After all, few blacks desired to move back to Africa. They wanted to improve the society to reflect
their values, just like any other member of that society.
Thus it is not surprising that it would be blues music, not jazz music, to send seismic shock waves
into white music, once it began to percolate into white society. Jazz would eventually be assimilated
by white pop music (from Broadway show tunes to Tin Pan Alley ballads) without causing any
major upheaval. But the assimilation of blues would cause a Copernican revolution.

Early jazz was more properly a descendant of ragtime than of blues. Jazz was about embellishing a
melody, an old European paradigm. Blues was more about rhythm than melody, thus remaining
closer to the original African paradigm. In its early phase, jazz was recognized by both white and
black audiences as a close relative of ragtime. Jazz initially had no name. For a long time, many
people called it "ragtime" but they never called it "blues". There were white ragtime musicians, just
like there were white jazz musicians. De facto, jazz was an evolution of ragtime, which was an
evolution of the "coon song" of the minstrel shows, which were written by white people to make
fun of black people: hardly an "African" tradition. The main difference between ragtime and jazz
was, of course, the means of transmission. Ragtime was written composition, distributed as sheets.

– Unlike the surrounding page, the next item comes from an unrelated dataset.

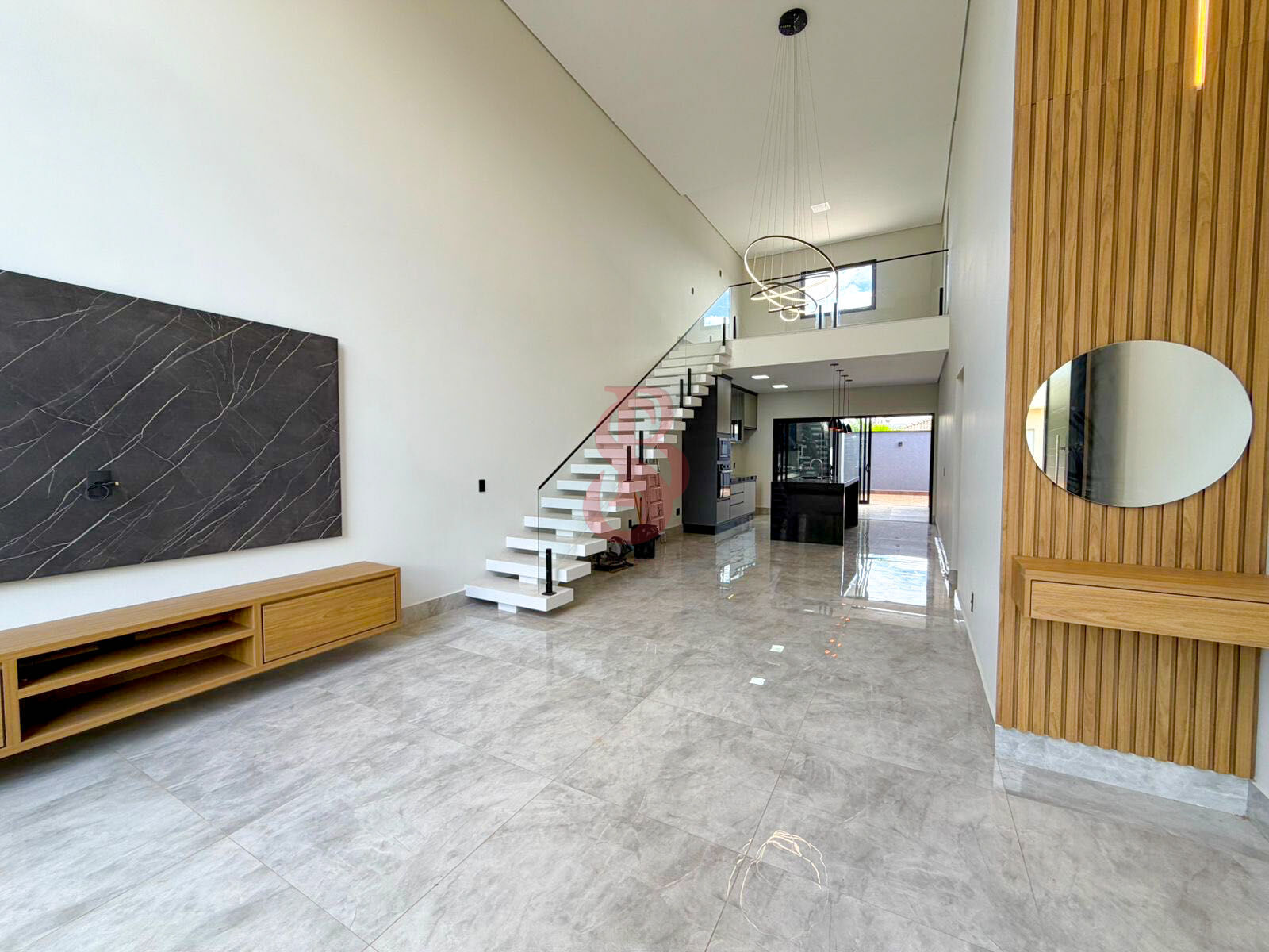 Na parte superior contém 1 lavabo, 1 Sala podendo ser escritório ou sala de Tv.

Jazz was improvised music, distributed as records. Other than that, the line between the two was
blurred. Only in the 1920s did jazz music begin to employ complex harmonies that went well
beyond ragtime harmony.
Last but not least, jazz was another stage in the ongoing process of black assimilation of white
technology. Most of the instruments were as "un-African" as possible. And this was going to be the
theme of black music for the rest of the century (from the electric guitar of rhythm'n'blues to the
organ of gospel to the drum-machines of hip-hop). Jazz was, indirectly, also another stage in the
process of black assimilation of white musical styles, because jazz was founded on ragtime, and
ragtime was fundamentally the grafting of European musical styles (such as marches and waltzes)
onto West-African syncopated rhythms. All in all, jazz was a lot more "white" than it appeared to be
on the surface.
The West-African element of jazz music was the emphasis on (syncopated) rhythm and the
widespread use of polyrhythms, or, from the viewpoint of instrumentation, the drums. (In fact, the
drums remained a distinguishing feature of black musical genres until Bill Haley turned rock'n'roll
into a white genre). Also largely West African was the passion for timbral exploration: where
European music had always favored crisp tonality and harmonic rules (i.e., only some sounds and
some combination of sounds are lawful), black music tended to explore the whole range of timbral
and harmonic possibilities (something that white academic music was beginning to do
independently and for different reasons at the beginning of the 20th century). This also included the
prominence of blue notes (notes that are not part of the European pitch system).